As reported widely this week, the Mortgage REITs often fund themselves by pledging bonds in return for cash in the repo markets.  They are highly leveraged which in good times allowed them to pay dividends at higher yields than most bonds.  Brokers often recommend to investors to reach for yield in low yielding time periods and many brokers sold Mortgage REITs to investors without fully disclosing the risks associated with them.  In recent weeks, many Mortgage REITs found that the mortgage bonds they held dropped in value which triggered margin calls which then forced the Mortgage REITs to sell bonds into a falling market.

Margin call disputes often arise during times of market turmoil such as now.  Knowing what to do and whom to speak to when a margin call is issued is vitally important to an investor’s financial well-being.  Here is a little primer on what to do.

A margin call often occurs when the value of an investor’s margin account falls below the broker dealer’s required amount.
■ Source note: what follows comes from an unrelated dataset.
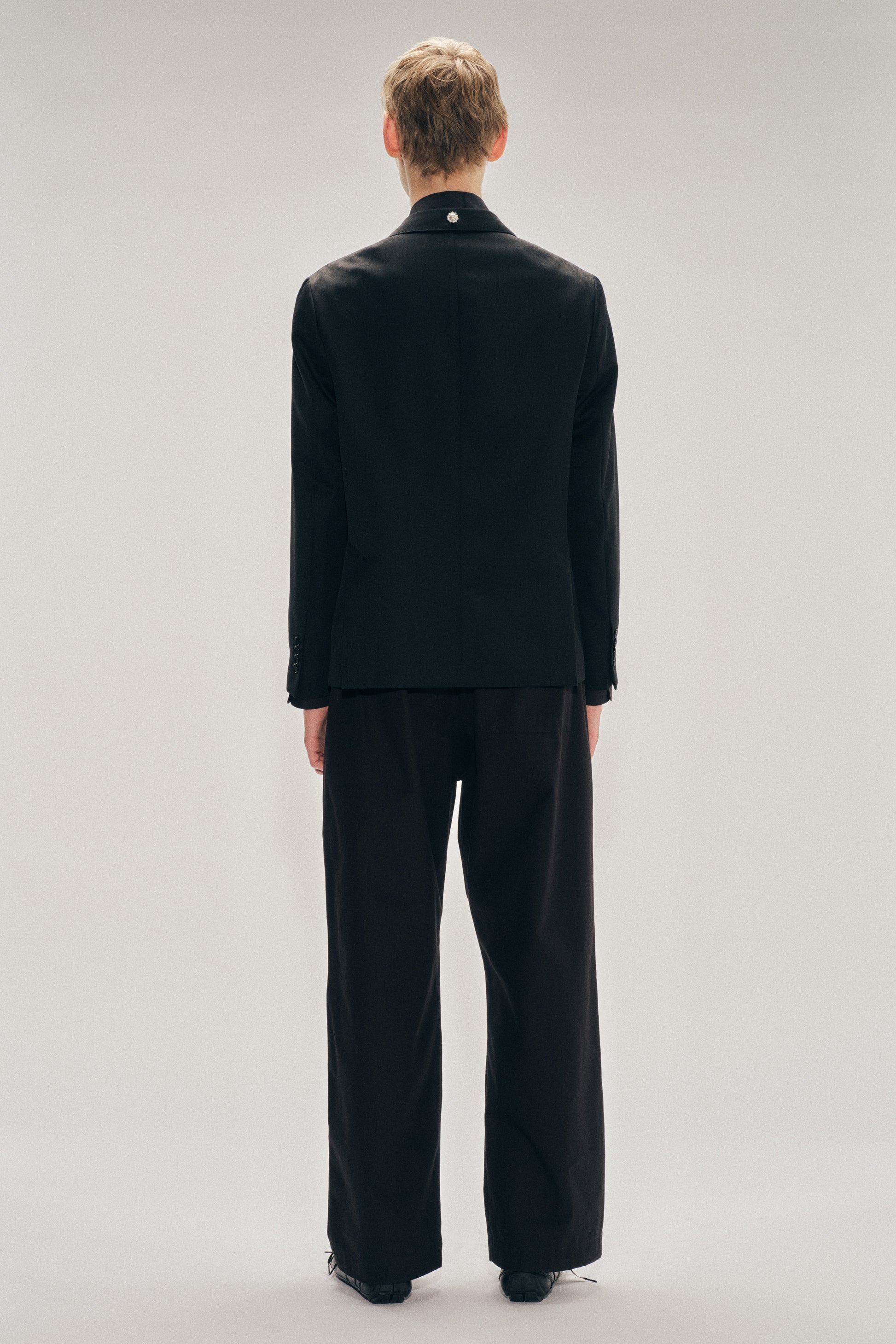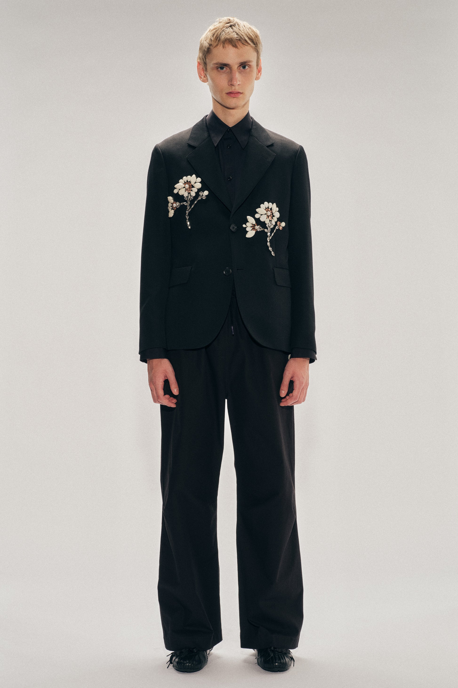 Venetian wool tailored jacket, a cornerstone of the Simone Rocha menswear wardrobe. Seasonal large crystal and opaque beaded florets placed thoughtfully on each side.

A margin call is the broker dealer’s demand that an investor deposit additional money or securities so that the value of the account is brought up to the minimum value, which is known as the maintenance margin.  Some margin calls are small and an investor simply has to move securities in from another account or write a check to the broker.  However, in other situations, the acts by the broker dealer prior to the margin call being issued may have played a role in the margin call itself.

For example, a conservative investor often should not be holding any securities on margin at a brokerage firm.  If the firm recommended an unsuitable investment strategy that contained a significant amount of margin, and the market turned bad, and the investor sustained losses, said investor may have a potential FINRA arbitration claim against the broker.  In these situations, when a margin call is issued on the account, we highly recommend that the investor call a law firm such as ours who regularly represents investors in disputes with the financial industry.  It is paramount that the investor receives legal advice as soon as possible.  Most broker dealers have very broad powers in how to handle margin calls pursuant to onerous margin agreements.  The brokers sometimes even blow out investors’ portfolios without providing any notice (though they are supposed to exercise good faith in any decision they implement).  Time is usually of the essence.  It is important to have counsel engage with the broker dealer as soon as possible to potentially work out any issues.